---------- Dataset extract ----------

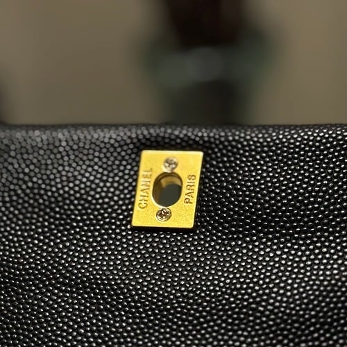 - الشعار الذهبي البارز من شانيل يعزز هوية التصميم بأسلوب كلاسيكي واضح.
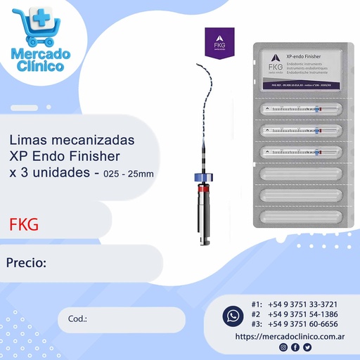 Limas mecanizadas XP Endo Finisher - Retratamiento - x 3 unidades - 025 - 25mm - FKG
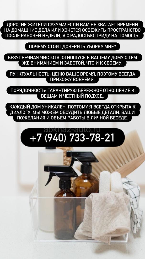 Дополнительная информация: Дорогие жители Сухума! Если вам не хватает времени на домашние дела или хочется освежить пространство после рабочей недели, я с радостью приду на помощь. Почему стоит доверить уборку мне? Безупречная чистота: Отношусь к вашему дому с тем же вниманием и заботой, что и к своему. Пунктуальность: Ценю ваше время, поэтому всегда прихожу вовремя. Порядочность: Гарантирую бережное отношение к вещам и честный подход. Каждый дом уникален, поэтому я всегда открыта к диалогу. Мы можем обсудить любые детали, ваши пожелания и объем работы в личной беседе.
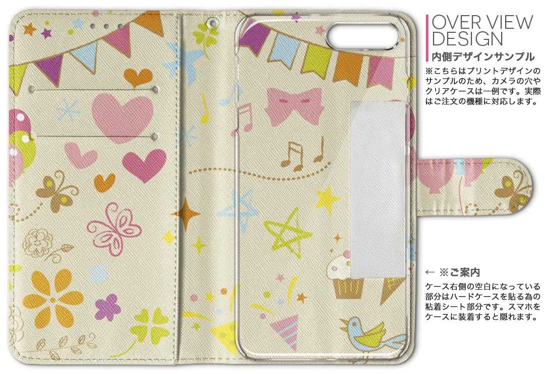 商品特徴・シームレスな両面フルデザイン、開いた時も内側のデザインが楽しめます・素材には高品質の人工革を貼った、しっかり厚みのあるタイプ・内側にはスマホを装着するケースが付属・機種専用のカメラホール仕様でケースを装着したままの撮影が可能・ワンセグや動画の視聴に便利な横置きスタンド機能・ICカードなどを2枚まで収納できるカードスロット&ポケット付き・マグネットフリップで開け閉めカンタン注意事項商品画像はサンプルイメージですので、ご覧の環境によっては多少色味に違いを感じる場合がございます。

----------

**Work request:**
The output should be the material above, copied exactly, without its pictures.

**Your response:**
 - الشعار الذهبي البارز من شانيل يعزز هوية التصميم بأسلوب كلاسيكي واضح.
 Limas mecanizadas XP Endo Finisher - Retratamiento - x 3 unidades - 025 - 25mm - FKG
 Дополнительная информация: Дорогие жители Сухума! Если вам не хватает времени на домашние дела или хочется освежить пространство после рабочей недели, я с радостью приду на помощь. Почему стоит доверить уборку мне? Безупречная чистота: Отношусь к вашему дому с тем же вниманием и заботой, что и к своему. Пунктуальность: Ценю ваше время, поэтому всегда прихожу вовремя. Порядочность: Гарантирую бережное отношение к вещам и честный подход. Каждый дом уникален, поэтому я всегда открыта к диалогу. Мы можем обсудить любые детали, ваши пожелания и объем работы в личной беседе.
 商品特徴・シームレスな両面フルデザイン、開いた時も内側のデザインが楽しめます・素材には高品質の人工革を貼った、しっかり厚みのあるタイプ・内側にはスマホを装着するケースが付属・機種専用のカメラホール仕様でケースを装着したままの撮影が可能・ワンセグや動画の視聴に便利な横置きスタンド機能・ICカードなどを2枚まで収納できるカードスロット&ポケット付き・マグネットフリップで開け閉めカンタン注意事項商品画像はサンプルイメージですので、ご覧の環境によっては多少色味に違いを感じる場合がございます。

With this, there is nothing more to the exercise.